SUSIE BOWER lives in Bristol and has been a teacher, a tour guide, a typist, a workshop facilitator, a PA and a painter. She formerly wrote and directed TV programmes for children at the BBC and Channel 4, for which she won a BAFTA Award. In 2018 Susie was longlisted for the Bath Children’s Novel Award with her manuscript School for Nobodies set in a boarding school for misfits and about the beauty of not fitting in. With School for Nobodies out in July with Pushkin Children’s Press, we catch up with Susie’s literary agent representation news and journey to publication.
School for Nobodies shone out from our submissions pile. Was the listing a boost?
A ‘boost’ barely describes it! I was at my brother’s having an early Christmas lunch, and had not dared, at midday, to check my phone for the longlist results. Eventually that afternoon, I did – and simply couldn’t believe the sight of School for Nobodies on the list. For the first time, I began to hope that perhaps, just perhaps, it had a spark of something that worked.
Since longlisting you accepted literary agent representation with Silvia Molteni of Peters, Fraser and Dunlop. Can you share your “how I found my agent” story?

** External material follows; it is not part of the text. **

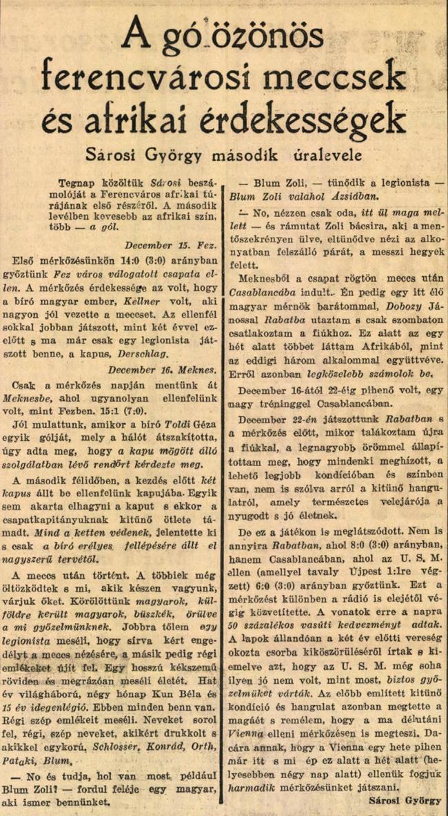 1934.XII.24. Marokkó – Ferencváros 0:6

It’s a bit unusual. When I finished my final (hah!) draft, I made a list of favourite agents and Silvia was at the top. I’d loved the voice of Onjali Q Rauf’s The Boy at the Back of the Class and Silvia was her agent. But before I submitted to her, Louise Dean offered to introduce my work to several agents. Amazingly, Silvia was one of the them! She read School for Nobodies in a couple of days and asked to speak with me. What I particularly loved was that she offered to represent me even though there were revisions to be done. I really valued that she trusted my writing enough to sign me before I did the revisions. Later, two more agents asked for the full manuscript but by then I’d signed with Silvia. I’ve never regretted it. She’s such a passionate advocate for School for Nobodies, as well as giving great notes and excellent advice.
How has School for Nobodies evolved editorially since signing with Silvia?
A lot. I knew there were flaws, particularly plot holes, but I couldn’t work out how to solve them. After signing with Silvia, I embarked on revisions which really helped draw it together. Then, when she sold it to Pushkin Children’s, I was lucky enough to work with editor-at-large Sarah Odedina. She said the manuscript was in good shape, but really helped me to see what was needed to take it another level. It’s been so exciting to work with her.
Any tips for fellow authors who are querying?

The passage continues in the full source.